Phryganistria is a genus of stick insects belonging to the subfamily Clitumninae, native to Mainland Southeast Asia, including Yunnan China, central Vietnam and Bangladesh. The species in this genus have been subject to revision, with several being reassigned to the related Neophryganistria.

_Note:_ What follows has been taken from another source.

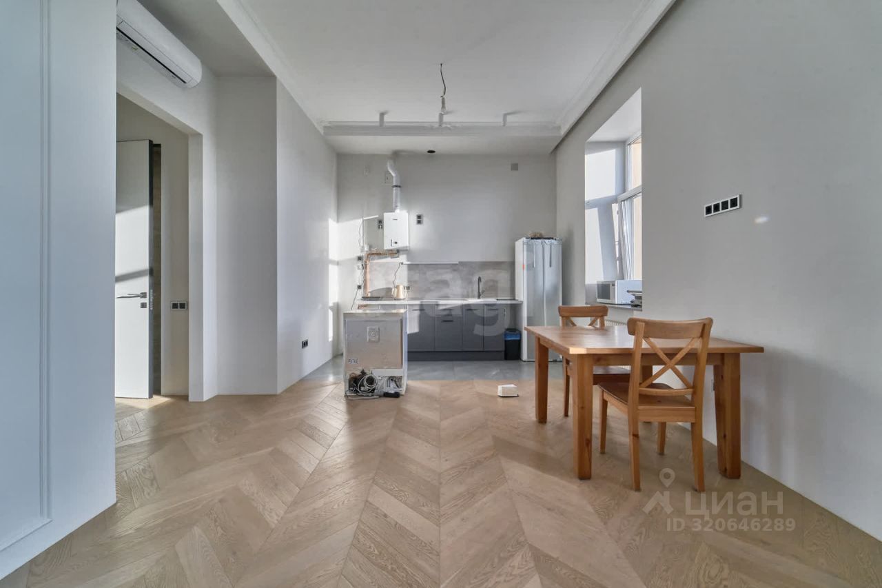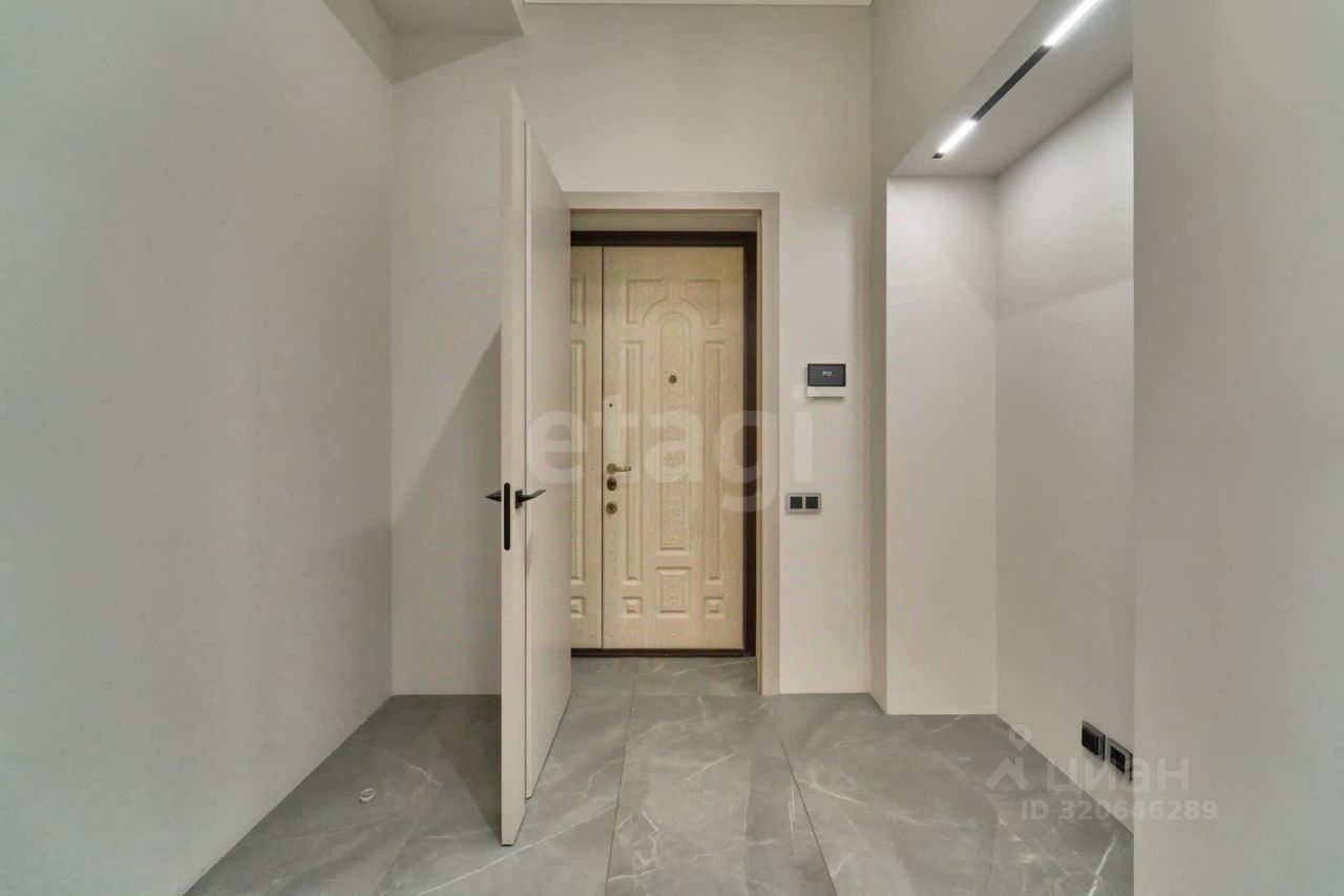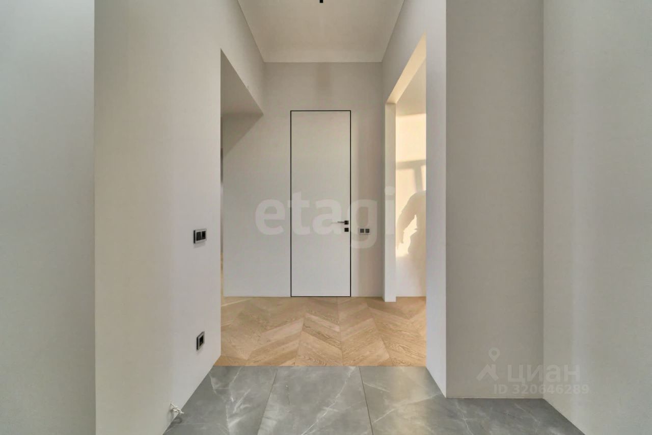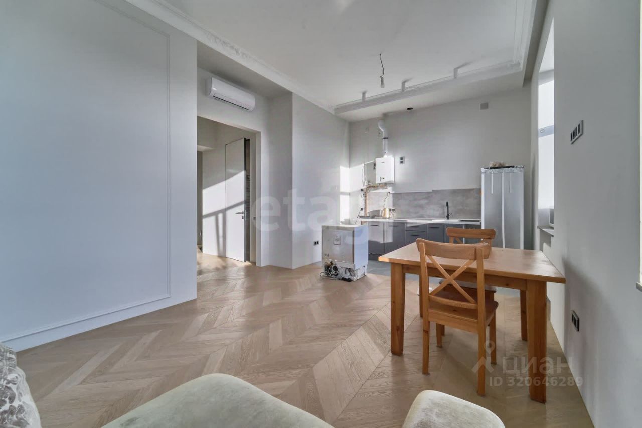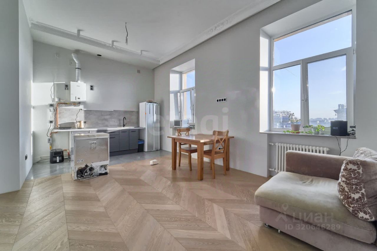 Расположена в престижном Кировском районе Санкт-Петербурга. Объект отличается продуманной планировкой: три изолированные комнаты правильной формы с панорамными окнами и французскими балконами, два санузла (ванная с окном и душевая), две гардеробные и техническое помещение. Кухня-гостиная площадью 28 м² объединена со столовой зоной и оснащена встроенной кухонной мебелью. В квартире выполнен качественный дизайнерский ремонт с использованием современных материалов: натуральный паркет, итальянская сантехника, окна с шумоподавлением. Все коммуникации заменены, установлена система кондиционирования и трехзонный теплый пол, радиаторы Arbonia обеспечивают равномерный обогрев.

As with other genera in the tribe Pharnaciini, Phryganistria stick insects are notable for their range in size from "fairly large to very large", and amongst the world's longest stick insects (which also makes it the longest known insects).

==Species==
The genus includes the following:
1. Phryganistria bachmaensis - Vietnam
2. Phryganistria laikuenae - Yunnan
3. Phryganistria virgea - type species (as Bacteria sarmentosa ) - Bangladesh

===Reassigned species===
The following species, previously placed here, are now in genus Neophryganistria:
- Phryganistria fruhstorferi Brunner von Wattenwyl, 1907
- P. grandis Rehn, 1906
- P. guanxiensis Chen & He, 2008
- P. heusii Hennemann & Conle, 1997
- P. longzhouensis Chen & He, 2008
- P. tamdaoensis J. Bresseel & J Constant, 2014

===Phryganistria "chinensis"===
Claimed to be the world's longest stick insect, the informally named Phryganistria "chinensis", discovered in 2014 near Liuzhou in Guangxi, China, apparently remains an undescribed species after more than 10 years. A wild collected female kept at the Insect Museum of West China was the record holder at 624 mm in total length (including extended legs), but it was surpassed by one of its captive bred young that reached 640 mm.